Friends That Break Your Heart

James Blake

Republic Records – 2021
par Jeff, le 13 octobre 2021
8

J’aime avoir raison, et expliquer pourquoi j’ai raison. Ce qui est un atout quand on joue au critique musical durant son temps libre. Mais contrairement au sombre connard qui n’a confiance qu’en sa prétendue bonne parole, j’aime aussi ployer sous le poids des arguments de mon opposant·e. Alors il me faut battre publiquement ma coulpe : oui James Blake, tu auras fini par me faire plier, mon salaud.

Mon point de vue sur l’Anglais, il tient à peu de choses près dans cette chronique pour le moins rugueuse publiée sur nos pages il y a 10 ans, quand celui qui était alors le wünderkind de la bass music, dont il incarnait superbement le côté bâtard sensible, entamait une carrière de crooner désabusé qui, à la seule aune des chiffres de vente et de streaming, est une réussite totale. Cette facette de son personnage m’a toujours passablement exaspéré, irrité que j’étais par les jérémiades d’un artiste à qui je prêtais des desseins autrement plus ambitieux que « Limit to Your Love » - qui n’est rien d’autre que du Sam Smith pour la génération Stan Smith.

Mais voilà, ses fameux desseins plus ambitieux, James Blake ne les a jamais perdus de vue. Et même si tous les projets qui ont suivi se sont inscrits dans le droit fil de l’album éponyme de 2011, depuis quelques années, il a appris à sortir de sa zone de confort : quand on le croise sur le dernier album de Dave ou sur l’un des gros bangers hip hop de ces cinq dernières années, il met sa sensibilité au service de collaborations qui lui apportent beaucoup en retour. Déjà sur Assume Form, on l’avait vu inviter André 3000 à pousser la chansonnette ou se confronter sur son propre terrain de jeu à l’un des producteurs les plus influents du rap US (Metro Boomin, à nouveau présent ici), mais tout cela était finalement très timide. Il aura donc fallu 2021 pour que le monstre de créativité qu’il a toujours été s’assume totalement sur un disque qui porte son nom.

Dès les premières secondes de « Famous Last Words », évidemment que l’on retrouve cette voix unique et cette propension à solliciter nos glandes lacrymales, mais dans l’exécution, on ne peut s’empêcher de penser qu’avoir croisé des gens comme Connan Mockasin ou Oneohtrix Point Never ces dernières années a forcément poussé James Blake à se remettre en question en tant que producteur et faiseur d’ambiances. Une réflexion qui s’applique également à « Say What You Will », qui aurait probablement été une ballade piano / voix dépouillée sur n’importe quel autre album, mais qui se laisse envelopper par des volutes R&B pour un résultat d’une beauté désarmante. Ailleurs sur le disque, James Blake s’attèle à nous surprendre en permanence, comme lorsqu’il laisse SZA casser la dynamique de « Coming Back », qu’il laisse les clés de « Frozen » aux MCs JID et SwaVay ou qu’il s’efface intelligemment derrière la production d’un « I’m So Blessed You’re Mine » qui aurait tout à fait eu sa place sur l'un de ses EP période R&S Records.

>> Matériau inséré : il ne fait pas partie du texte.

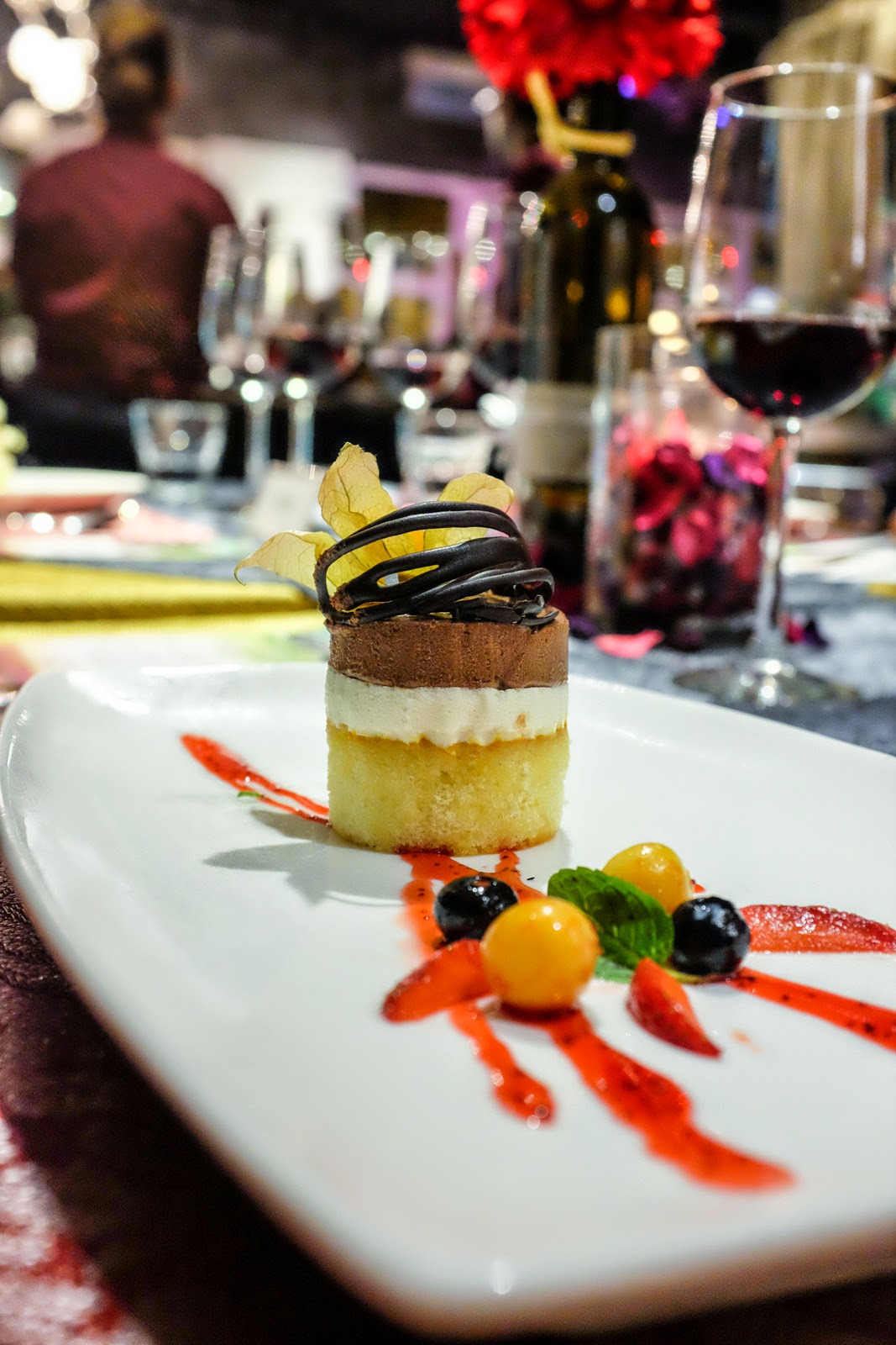 Passion fruit chocolate mousse with three-berry salsa, rounded out with Dona Village 2013 (RM251), a special wine with a philanthropic philosophy - a financial donation is channelled to a charity by Ulithorne for every bottle bought. The Dona GSM is typically meant for lighter meats, but it goes well with bitter dark chocolate desserts too.
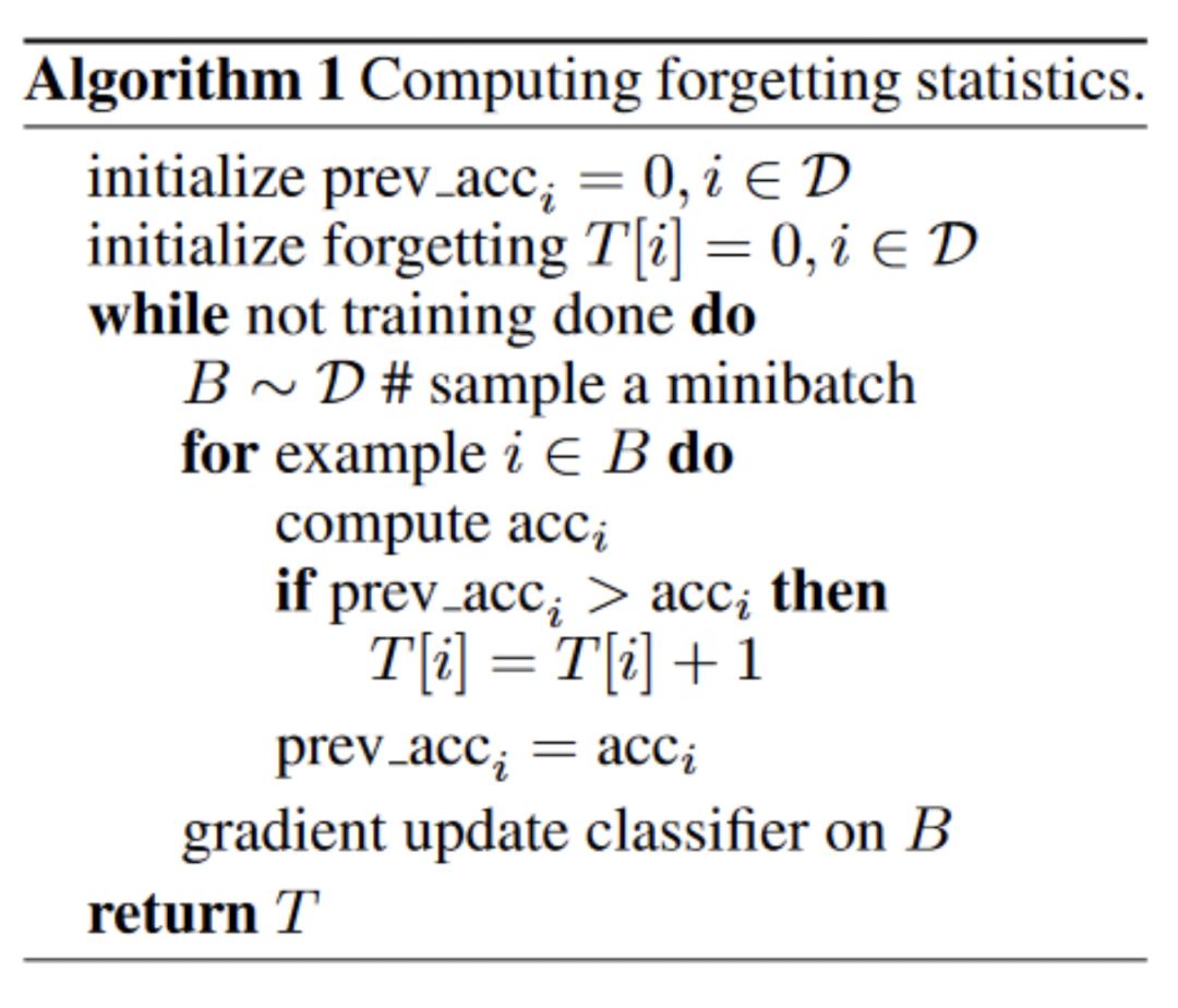 上述统计算法更加清晰地告诉我们本文是如何进行对forgetting events进行统计的,即我们是在每个batch训练完之后统计一次。

Quand on écoute Friends That Break Your Heart, on se dit que tout ce qu’il nous est donné d’entendre est peut-être la concrétisation de dix années à avancer à tâtons. Et c'est donc ce qu’il y a de plus grisant avec ce cinquième album studio du Londonien : il contient suffisamment d’imperfections (on vous rassure, ils ne sont pas légion) pour qu’on entrevoie une marge de manœuvre digne de ce nom, à combler sur un prochain album qui consacrera alors James Blake comme le génie que je n’ai jamais su voir en lui. Haters gonna love.